> _Task_
Make an exact copy of the listing so that no picture is carried over.

> _Material provided_

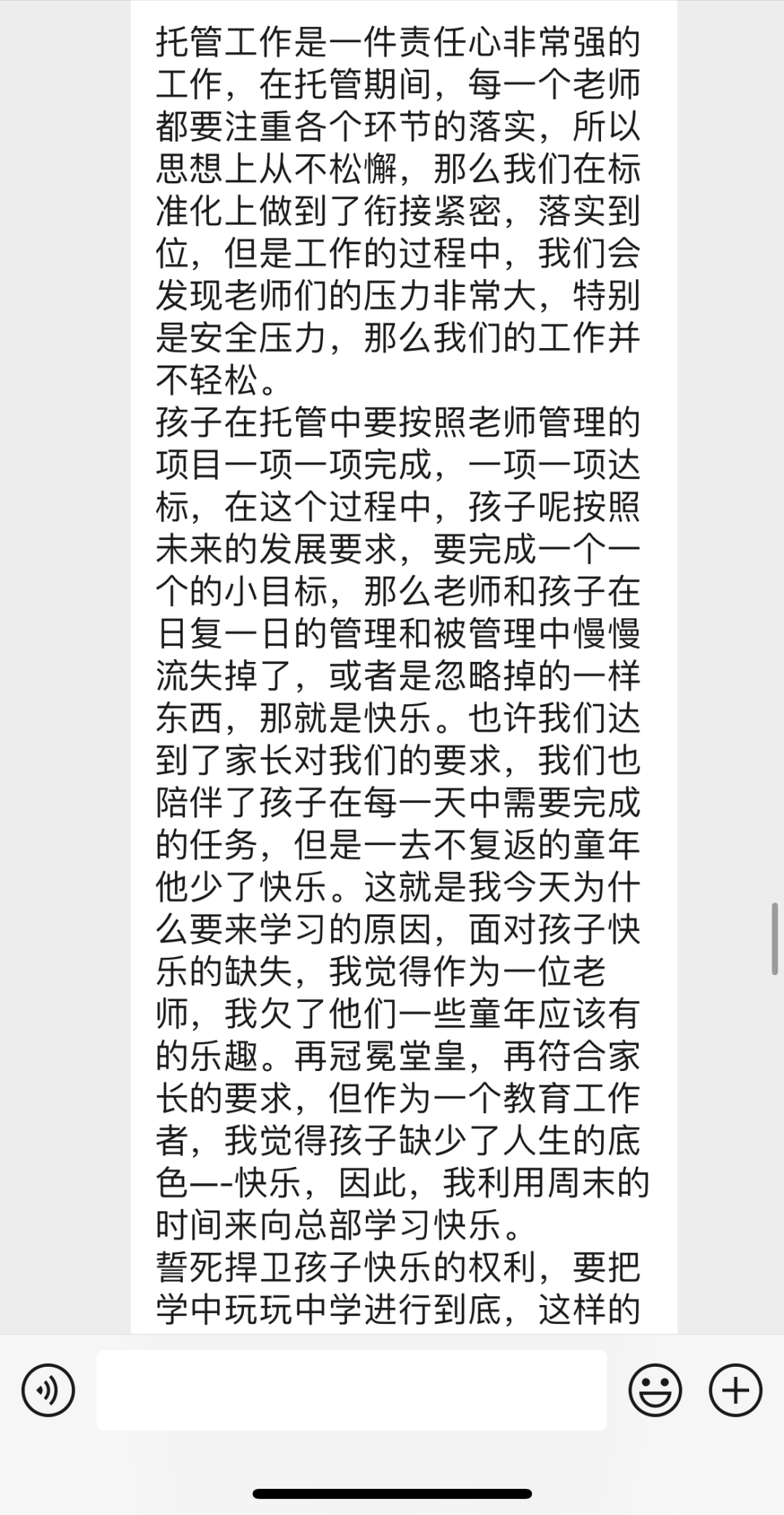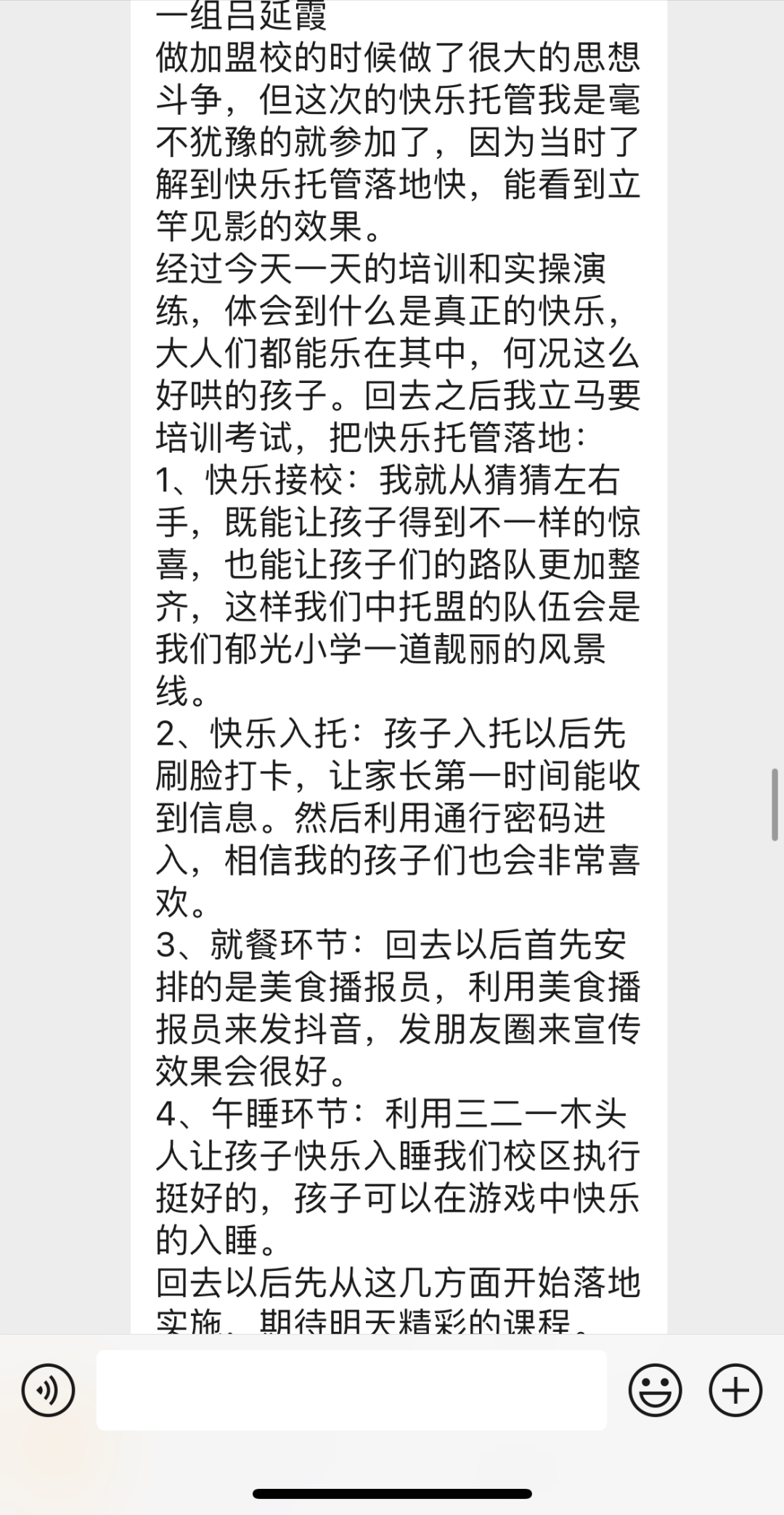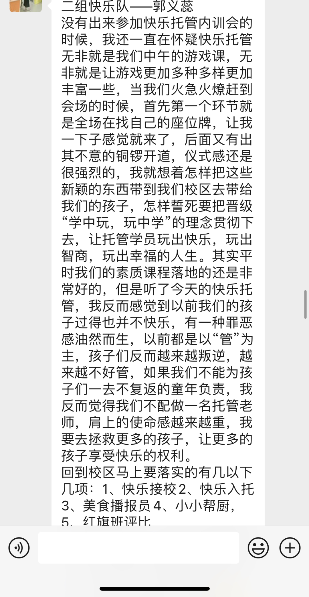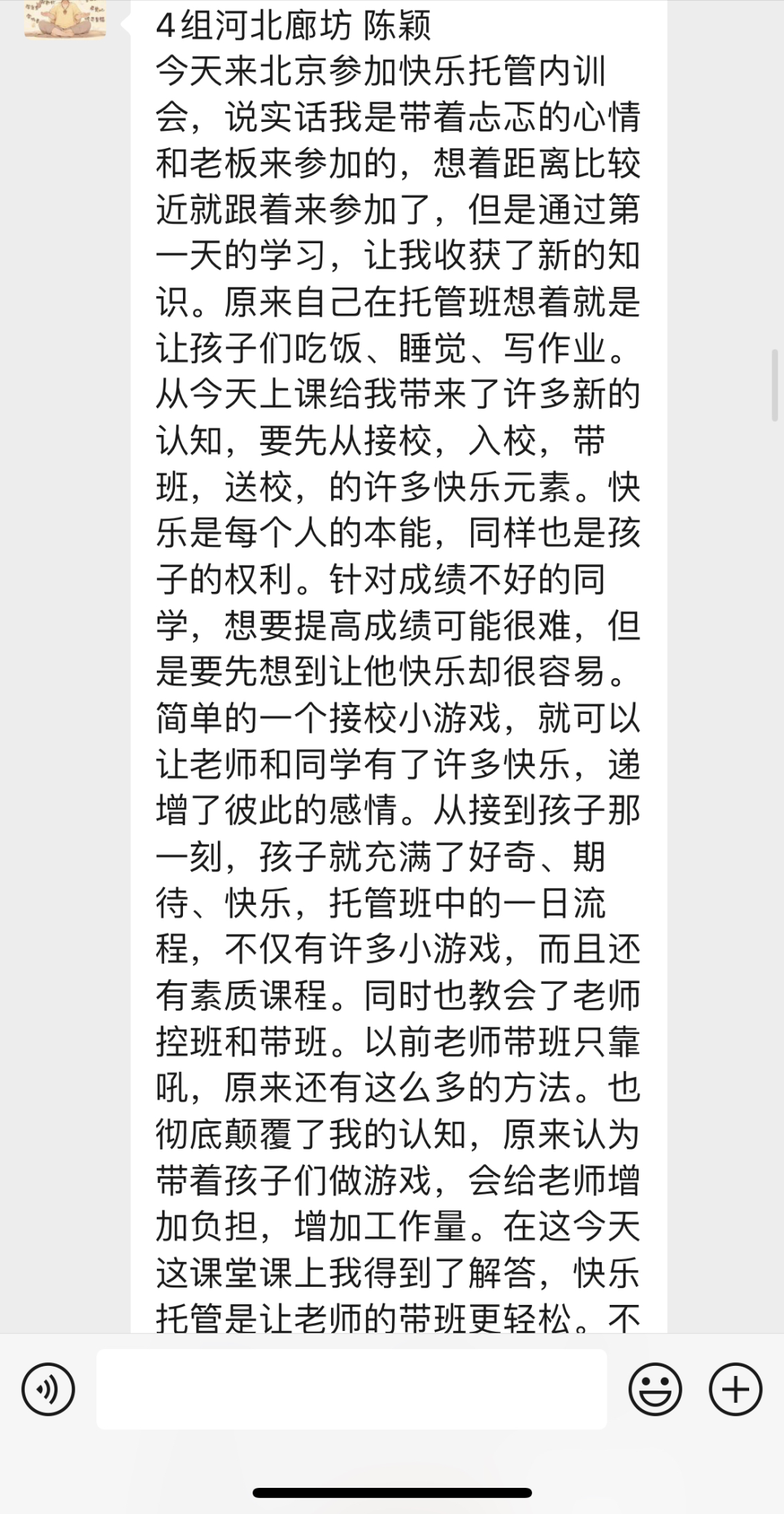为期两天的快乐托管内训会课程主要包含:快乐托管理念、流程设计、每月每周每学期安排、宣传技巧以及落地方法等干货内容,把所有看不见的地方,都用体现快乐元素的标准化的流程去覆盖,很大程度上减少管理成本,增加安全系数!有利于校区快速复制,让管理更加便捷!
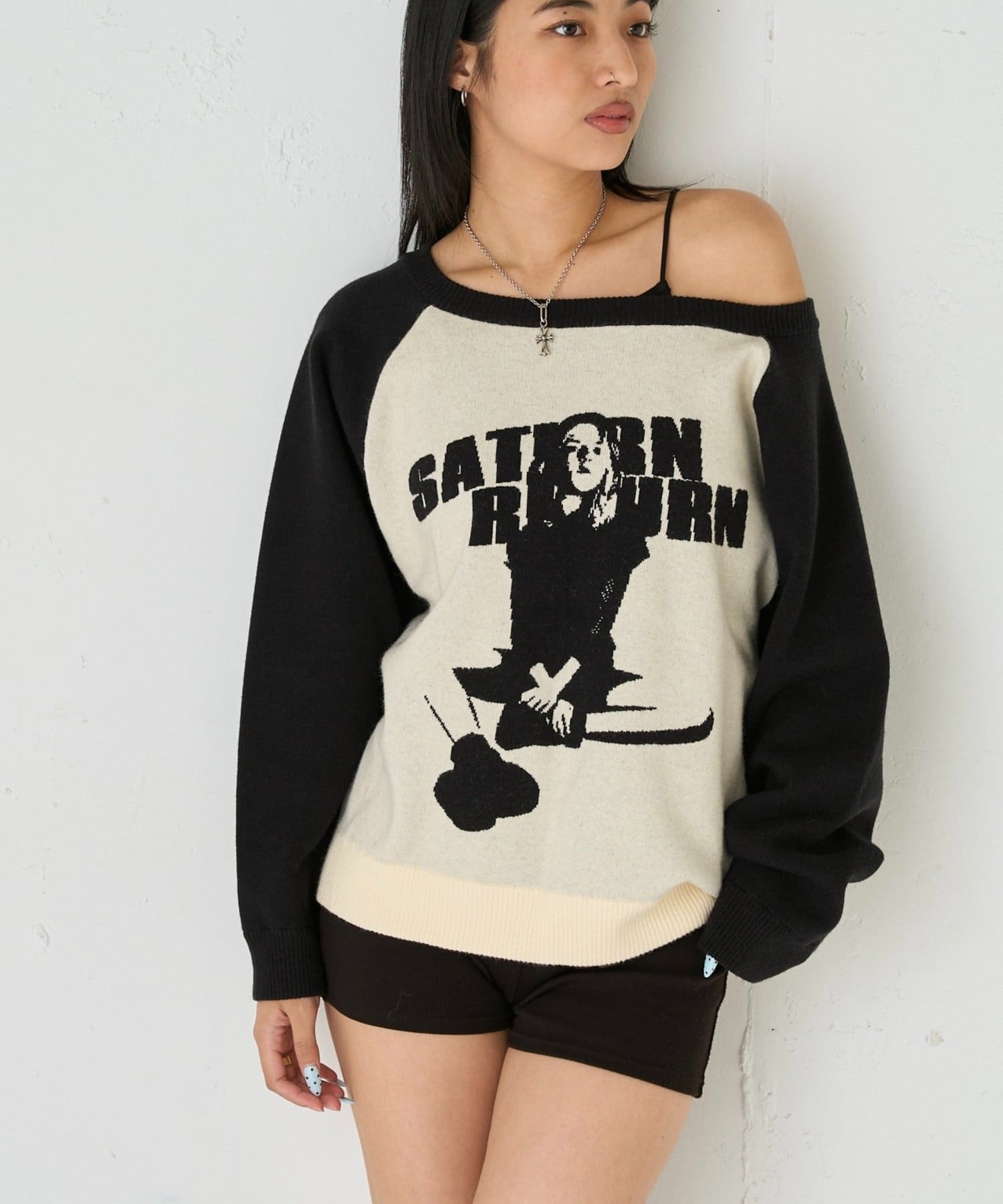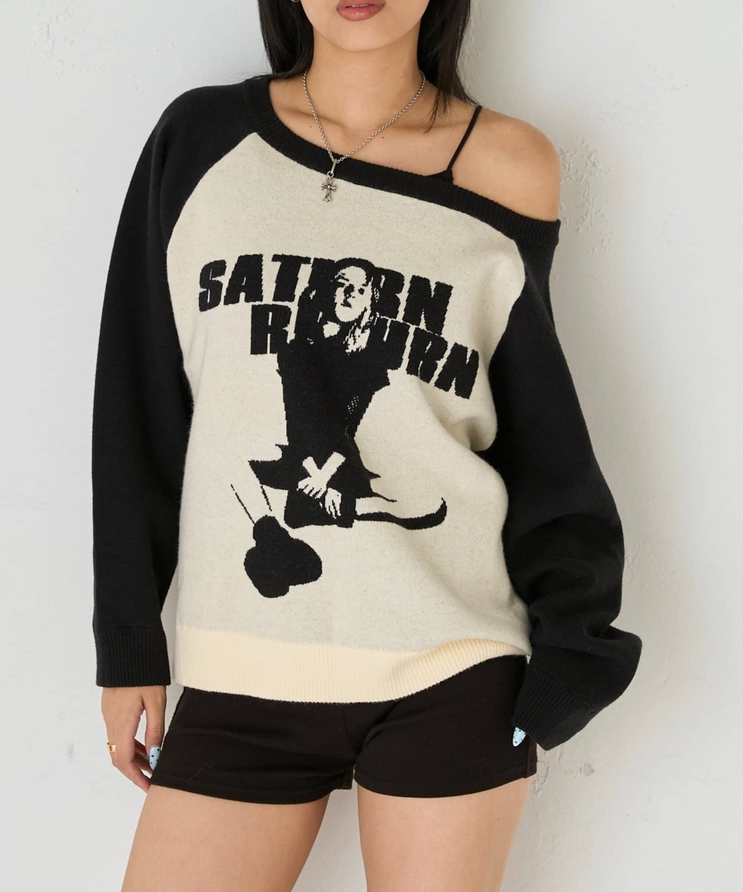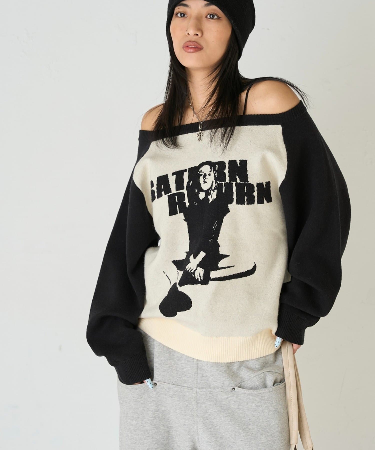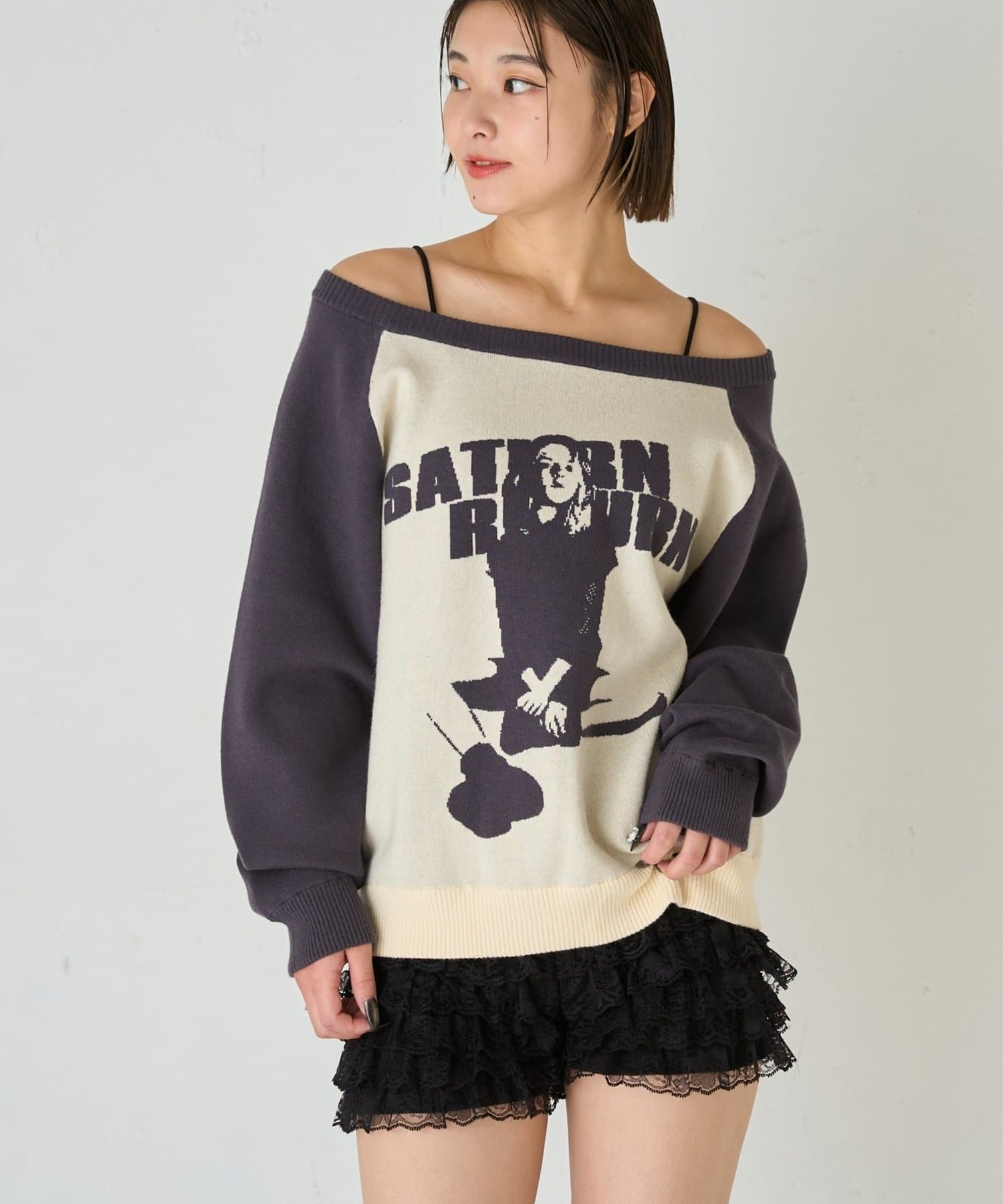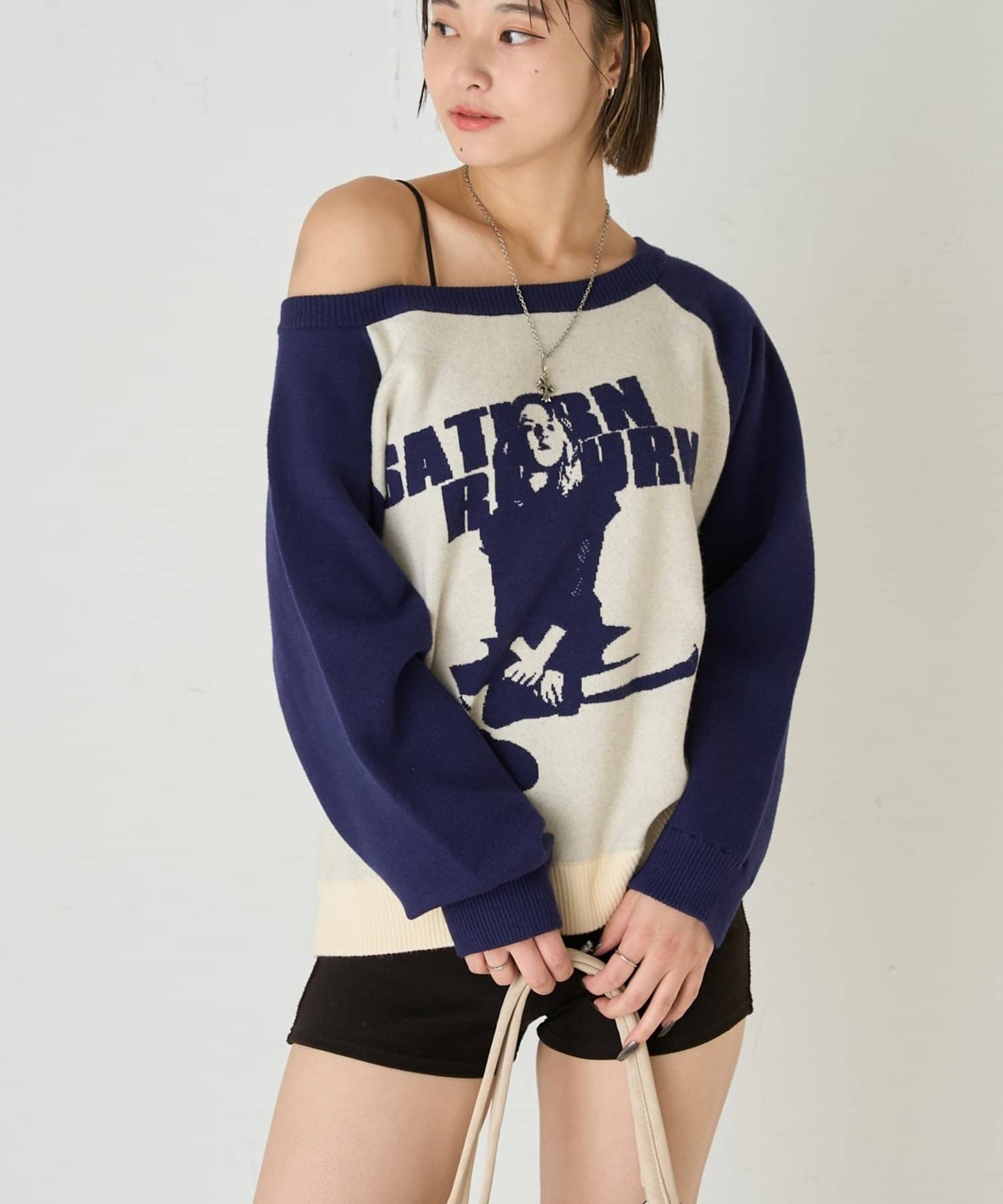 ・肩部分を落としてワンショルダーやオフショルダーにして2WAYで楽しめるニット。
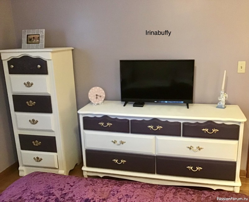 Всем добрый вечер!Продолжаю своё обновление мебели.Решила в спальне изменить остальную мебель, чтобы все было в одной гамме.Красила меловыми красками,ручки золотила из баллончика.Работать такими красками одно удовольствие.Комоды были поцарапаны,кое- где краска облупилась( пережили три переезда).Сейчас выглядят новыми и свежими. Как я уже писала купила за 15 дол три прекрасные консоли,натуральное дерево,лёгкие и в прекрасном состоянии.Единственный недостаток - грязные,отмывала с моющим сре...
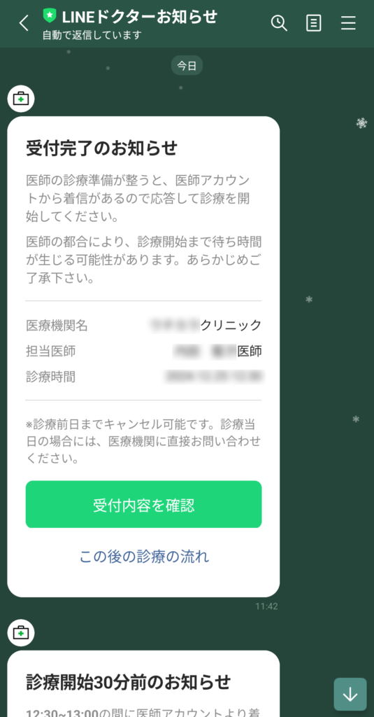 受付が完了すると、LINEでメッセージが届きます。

> _Exercise output_
为期两天的快乐托管内训会课程主要包含:快乐托管理念、流程设计、每月每周每学期安排、宣传技巧以及落地方法等干货内容,把所有看不见的地方,都用体现快乐元素的标准化的流程去覆盖,很大程度上减少管理成本,增加安全系数!有利于校区快速复制,让管理更加便捷!
 ・肩部分を落としてワンショルダーやオフショルダーにして2WAYで楽しめるニット。
 Всем добрый вечер!Продолжаю своё обновление мебели.Решила в спальне изменить остальную мебель, чтобы все было в одной гамме.Красила меловыми красками,ручки золотила из баллончика.Работать такими красками одно удовольствие.Комоды были поцарапаны,кое- где краска облупилась( пережили три переезда).Сейчас выглядят новыми и свежими. Как я уже писала купила за 15 дол три прекрасные консоли,натуральное дерево,лёгкие и в прекрасном состоянии.Единственный недостаток - грязные,отмывала с моющим сре...
 受付が完了すると、LINEでメッセージが届きます。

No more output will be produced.